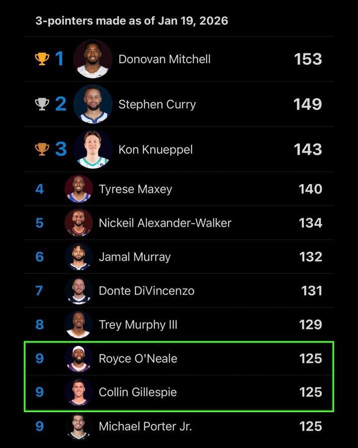 此役,罗伊斯·奥尼尔三分7中3,吉莱斯皮三分7中5。此役过后,他们本赛季三分命中数都来到125记,并列联盟第9。
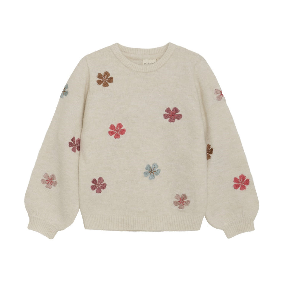 Beige Sweater with Coloured Daisies -Minymo
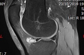 Compte tenu de la symptomatologie pauvre mais de la gêne fonctionnelle, une IRM du genou droit est effectuée, retrouvant un kyste mucoïde de la face antérieure du ménisque externe de 20 mm de grand axe (figure). La patiente a bénéficié d’une synovectomie antérieure sous arthroscopie, permettant d’amender ses douleurs.
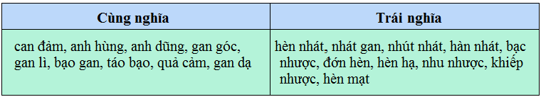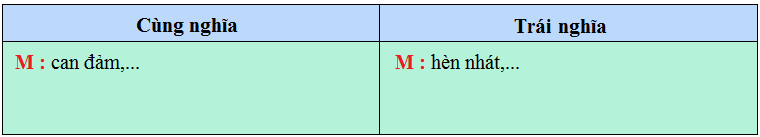 Xếp những từ sau vào hai nhóm: từ cùng nghĩa và trái nghĩa với từ dũng cảm:
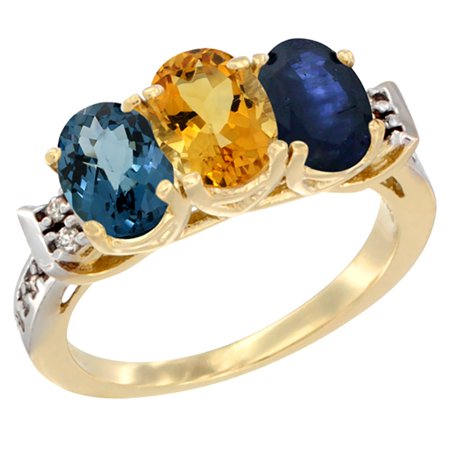10K Yellow Gold Natural London Blue Topaz, Citrine & Blue Sapphire Ring 3-Stone Oval 7x5 mm Diamond Accent, sizes 5 - 10
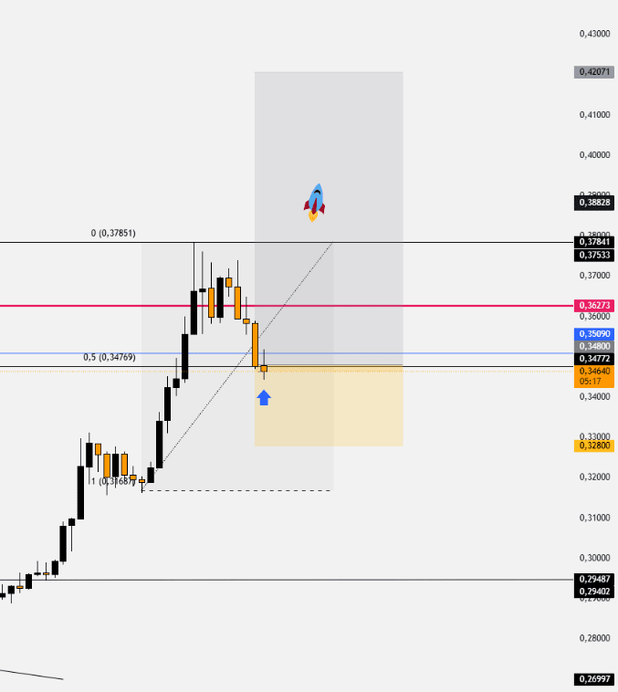 Recentemente, il prezzo $HBAR ha rotto una resistenza chiave a $ 0,29487, che ha alimentato un'impennata a $ 0,37841. Questa mossa ha generato entusiasmo nel mercato poiché indica una tendenza rialzista significativa. Tuttavia, è normale che dopo un rialzo il mercato subisca una correzione o un pullback. In questo caso, si prevede che il prezzo di $HBAR scenderà intorno a 0,34772$, prima di continuare eventualmente la sua ascesa.
————————
### Exercise details:
Could you output the lines above exactly, with no pictures included?

### Task output:
 此役,罗伊斯·奥尼尔三分7中3,吉莱斯皮三分7中5。此役过后,他们本赛季三分命中数都来到125记,并列联盟第9。
 Beige Sweater with Coloured Daisies -Minymo
 Compte tenu de la symptomatologie pauvre mais de la gêne fonctionnelle, une IRM du genou droit est effectuée, retrouvant un kyste mucoïde de la face antérieure du ménisque externe de 20 mm de grand axe (figure). La patiente a bénéficié d’une synovectomie antérieure sous arthroscopie, permettant d’amender ses douleurs.
 Xếp những từ sau vào hai nhóm: từ cùng nghĩa và trái nghĩa với từ dũng cảm:
10K Yellow Gold Natural London Blue Topaz, Citrine & Blue Sapphire Ring 3-Stone Oval 7x5 mm Diamond Accent, sizes 5 - 10
 Recentemente, il prezzo $HBAR ha rotto una resistenza chiave a $ 0,29487, che ha alimentato un'impennata a $ 0,37841. Questa mossa ha generato entusiasmo nel mercato poiché indica una tendenza rialzista significativa. Tuttavia, è normale che dopo un rialzo il mercato subisca una correzione o un pullback. In questo caso, si prevede che il prezzo di $HBAR scenderà intorno a 0,34772$, prima di continuare eventualmente la sua ascesa.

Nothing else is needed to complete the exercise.